Es bastante irónico que países como Venezuela y regímenes como el de Chávez, sobre los que pesa una feroz campaña de desprestigio, inducida desde el imperio y con fieros ingredientes racistas, tenga a más de 50 por ciento de su juventud con educación superior. Ese 20 por ciento más de diferencia con México dice mucho de lo que sucederá en el futuro para ambos países. Constatar que se está cuatro puntos por debajo de la media Latinoamericana (34 por ciento) es intolerable pero consecuente con el descuido y la incapacidad de la elite nacional para, en verdad, comprometerse con el bienestar de los mexicanos. En realidad les importa bastante poco el quebranto de esperanzas. Ellos están ensartados en aumentar sus propios privilegios y sólo a ellos obedecen. No es gratuita la enorme brecha que se abre entre México y Corea del Sur. Ese país tiene a 90 por ciento de su juventud educada. La capacidad de inducir el desarrollo acelerado y sostenido, es, en estas dos naciones, por completo diferente, tal y como lo va mostrando el presente.
En la actualidad se debate (Francia) cambiar la manera de medir el desarrollo. Evitar repetir los parámetros del crecimiento del PIB, que refiere a un volumen de producción, del déficit fiscal o de la inflación como indicadores indispensables y rectores. Preocuparse más por otros que midan el bienestar es la propuesta. De la capacidad que se tenga para apresar aspectos como la renta personal, el reparto equitativo, el consumo, la salud, organicidad ciudadana, fluctuabilidad social o la educación, dependerá que se pueda transformar una sociedad. Eso es, al final de cuentas, introducir un nuevo modo de concebir al desarrollo y darle dimensión al bienestar.

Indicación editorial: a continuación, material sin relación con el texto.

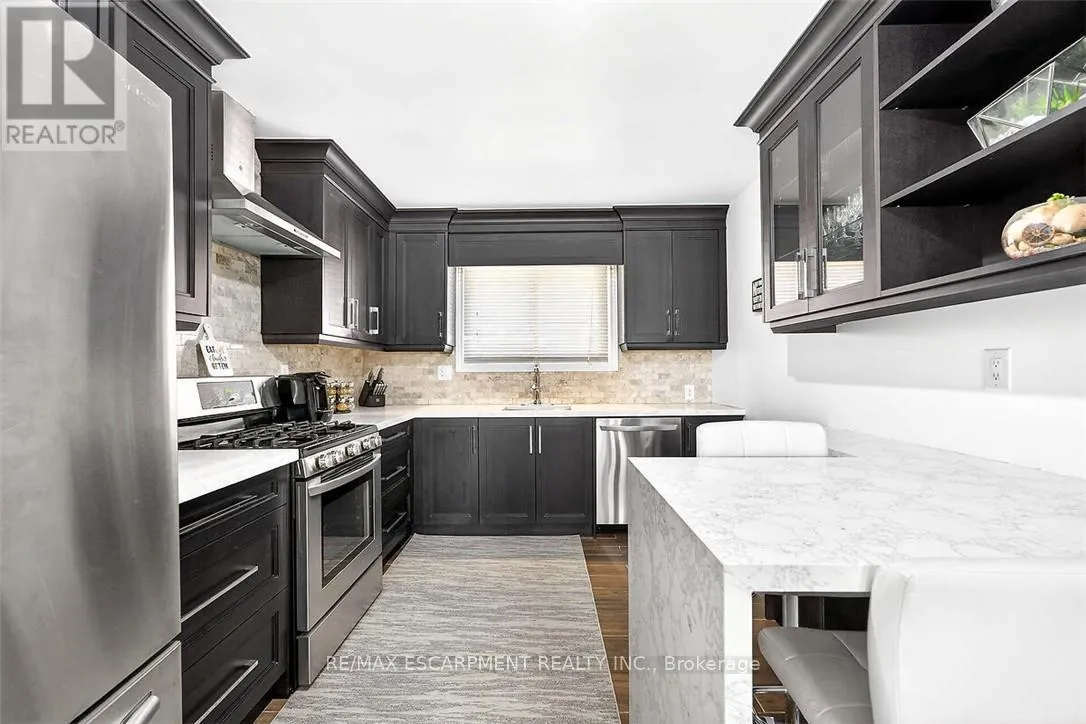 Cross Streets: Greenhill Ave & Summercrest Dr. ** Directions: Greenhill Ave to Summercrest Dt to Tara Crt. This beautifully renovated four-level backsplit showcases quality craftsmanship and thoughtful design throughout. The bright, open-concept main floor features rich hardwood flooring, a spacious living and dining area, and a custom-designed kitchen complete with quartz countertops, stylish backsplash, and stainless steel appliances, including a gas stove. Upstairs, you'll find three generously sized bedrooms and a stunning five-piece bathroom. The lower level offers a welcoming family room with a walkout to the backyard, a convenient side entrance, an additional bedroom, and a modern three-piece bath - ideal for guests or extended family. The fully finished basement provides even more living space with a recreation room, laundry area, cold room, and ample storage. Major updates include the furnace, A/C, roof, windows, and electrical panel. Outside, enjoy exceptional curb appeal with an exposed aggregate driveway and walkways, a front porch with sleek glass railings, a fully fenced yard, and a large shed with hydro. Tucked away on a quiet cul-de-sac with beautiful escarpment views, this home is just steps to parks and trails, close to schools, and offers quick access to the Red Hill and major highways. (id:27476)
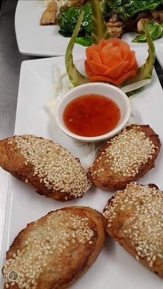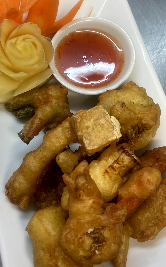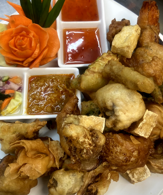 Combination of: vegetable spring roll, Thai vegetable pocket, vegetable tempura and deep fried tofu. Minimum o...
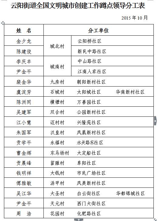 党政领导对接全国文明城市创建工作分工表
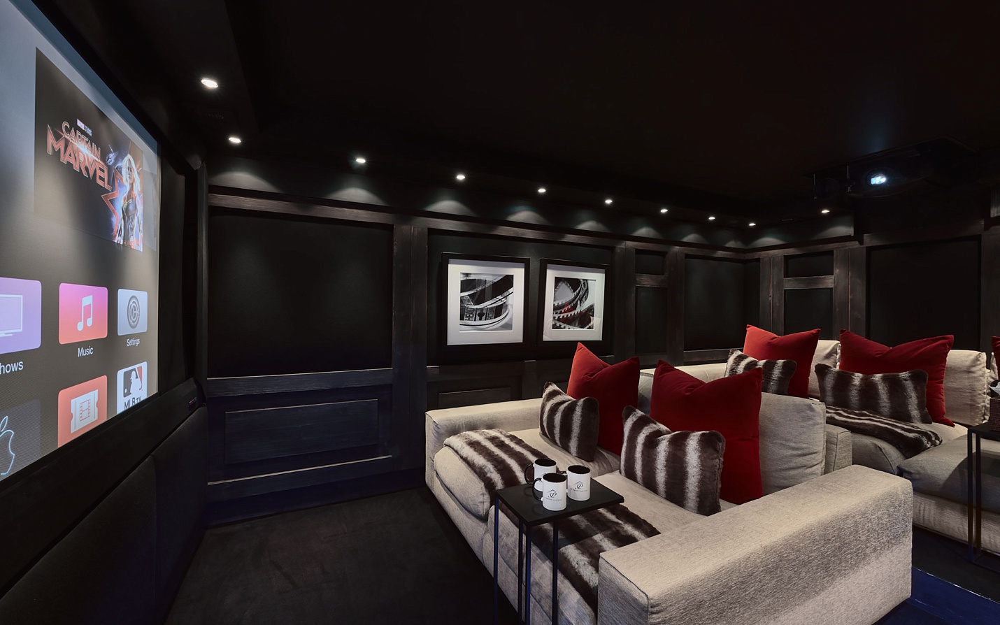 The ski-in/ski-out boot room provides a convenient space for ski preparation, complete with equipment lockers, boot warmers, and a welcoming drinks area. The lower ground floor offers a private bar, additional lounge space, and a dedicated cinema room with comfortable seating and a large screen for movie nights.
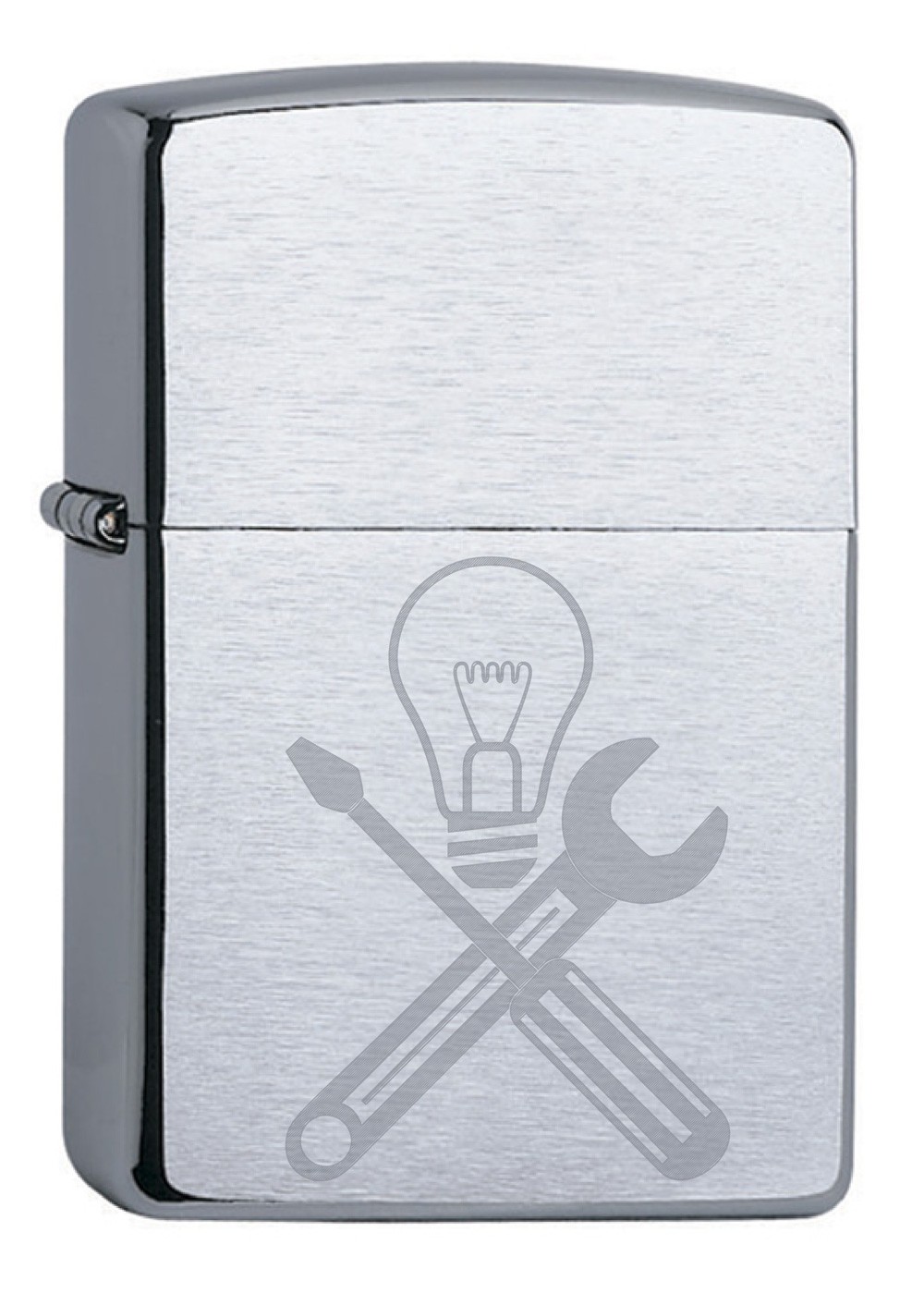 Ein graviertes Zippo mit "Elektriker" Motiv.
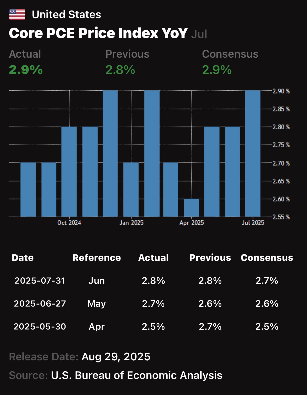 Chỉ số giá chi tiêu tiêu dùng cá nhân (PCE) cho thấy lạm phát cơ bản ở mức 2.9% theo năm đã điều chỉnh theo mùa trong tháng 7, đạt ước tính nhưng cao hơn tháng 6.
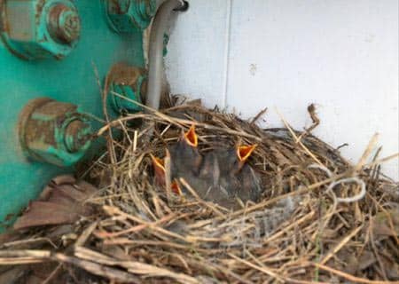 声のする場所にハシゴを使って覗き込むと、そこには鳥の巣が
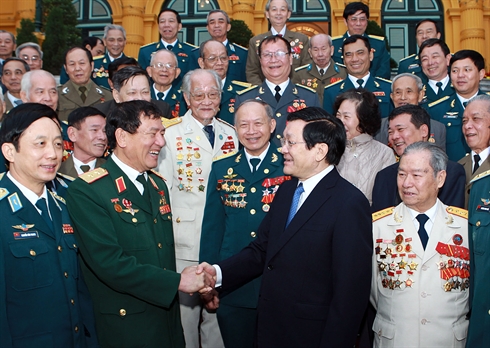 | Le président Truong Tân Sang a reçu le 28 décembre à Hanoi des anciens combattants de l’armée de l’air et de la défense anti-aérienne. |
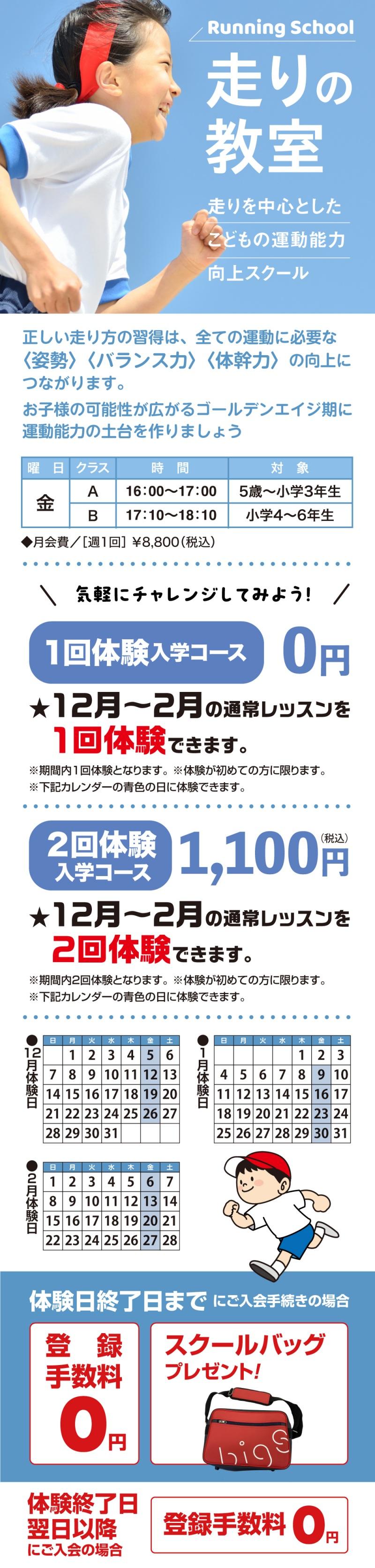 ジュニアスクール「冬の体験教室」のご案内です!!
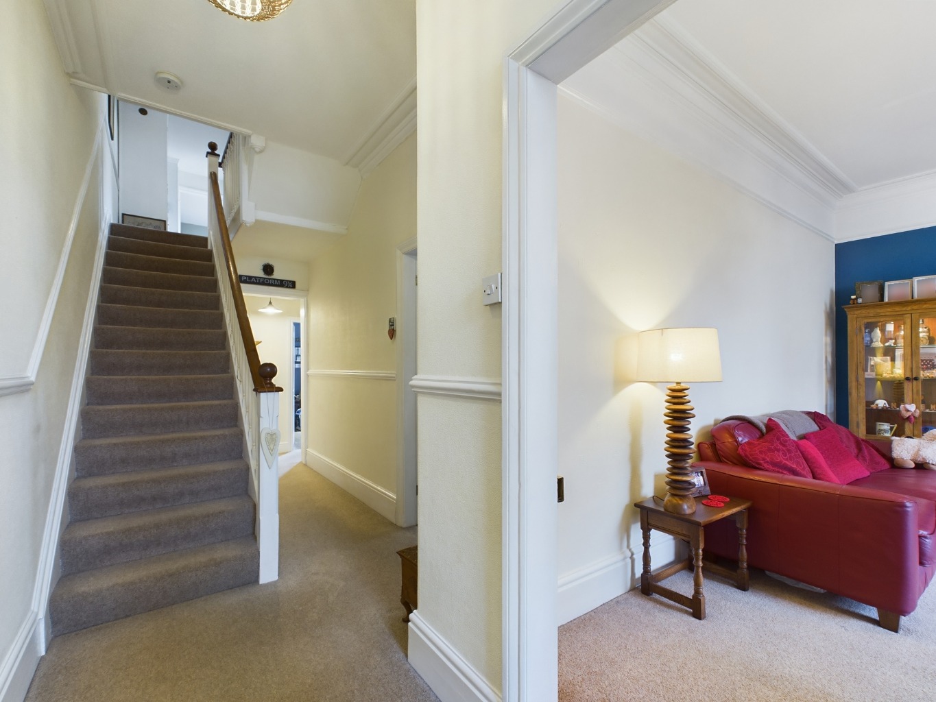 Entrance Hall - A modern composite entrance door, with double glazed panel detail, opens to a welcoming hallway with ornate ceiling coving, two radiators, built-in storage cupboard and fitted carpet. The staircase rises to the first floor, with additional storage cupboard below.

Las izquierdas mundiales y las de México no escapan a este dictado, deben encontrase en ese centro de atención. Su oferta debe girar alrededor de esos parámetros que implican una visión distinta y discordante con la del neoliberalismo reinante en las derechas. Reincidir en más de lo mismo, en darle una vuelta adicional a las tuercas de la necedad. Volver a citar las reformas llamadas estructurales como horizonte del progreso es inefectivo. Acudir al llamado a la unidad (imposible, por cierto) para compartir responsabilidades de la guerra desatada, no se debe admitir. Aliarse con los tramposos y los opuestos en un intento de negociación diluyente sólo desembocará en mayor quebranto social. Las izquierdas deben poner atención al pueblo, convivir con él, formar parte de su vida, sufrir sus tribulaciones, anhelar lo mismo y no seguir rondando las esferas exquisitas de los pasillos, las oficinas, los cenáculos y comedores del oficialismo.